The required output is the stretch from the line containing "Tennis Themed Racket" through the line containing "Residents of High" in the records below, unaltered and with no pictures.

▸ **RECORDS TO PROCESS**:
=-=-=
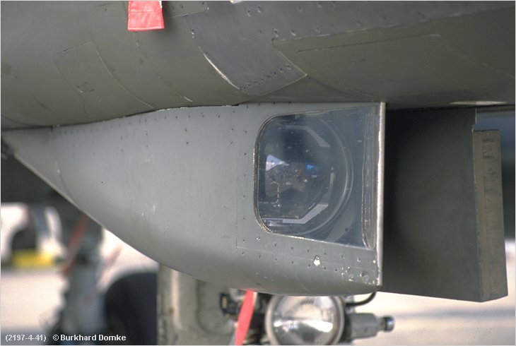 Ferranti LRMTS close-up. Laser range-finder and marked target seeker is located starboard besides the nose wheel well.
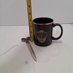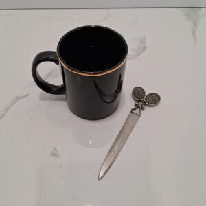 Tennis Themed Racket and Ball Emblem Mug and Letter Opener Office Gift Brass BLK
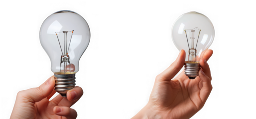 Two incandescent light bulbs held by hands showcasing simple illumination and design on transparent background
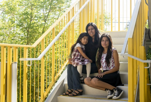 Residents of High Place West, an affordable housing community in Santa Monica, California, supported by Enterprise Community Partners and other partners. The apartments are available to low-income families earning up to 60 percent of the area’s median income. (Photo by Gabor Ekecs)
=-=-=
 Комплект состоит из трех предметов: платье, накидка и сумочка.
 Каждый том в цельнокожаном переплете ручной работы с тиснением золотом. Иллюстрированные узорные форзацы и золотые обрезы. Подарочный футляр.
=-=-=
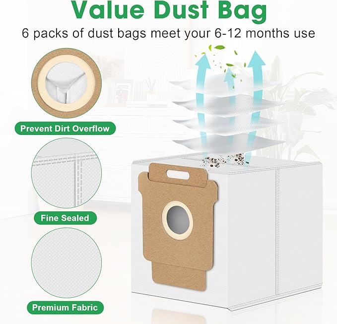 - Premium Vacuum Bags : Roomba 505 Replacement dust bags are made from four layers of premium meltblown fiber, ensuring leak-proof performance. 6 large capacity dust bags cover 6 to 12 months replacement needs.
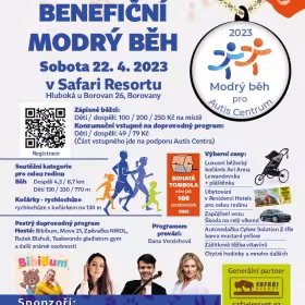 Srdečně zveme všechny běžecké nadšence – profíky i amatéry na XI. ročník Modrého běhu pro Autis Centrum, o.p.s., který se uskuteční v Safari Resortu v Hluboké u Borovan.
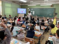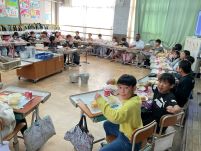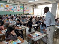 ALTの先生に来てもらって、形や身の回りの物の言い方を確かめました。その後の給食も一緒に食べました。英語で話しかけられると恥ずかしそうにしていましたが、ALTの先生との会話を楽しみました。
=-=-=
▸ **EXERCISE OUTPUT**:
 Tennis Themed Racket and Ball Emblem Mug and Letter Opener Office Gift Brass BLK
 Two incandescent light bulbs held by hands showcasing simple illumination and design on transparent background
 Residents of High Place West, an affordable housing community in Santa Monica, California, supported by Enterprise Community Partners and other partners. The apartments are available to low-income families earning up to 60 percent of the area’s median income. (Photo by Gabor Ekecs)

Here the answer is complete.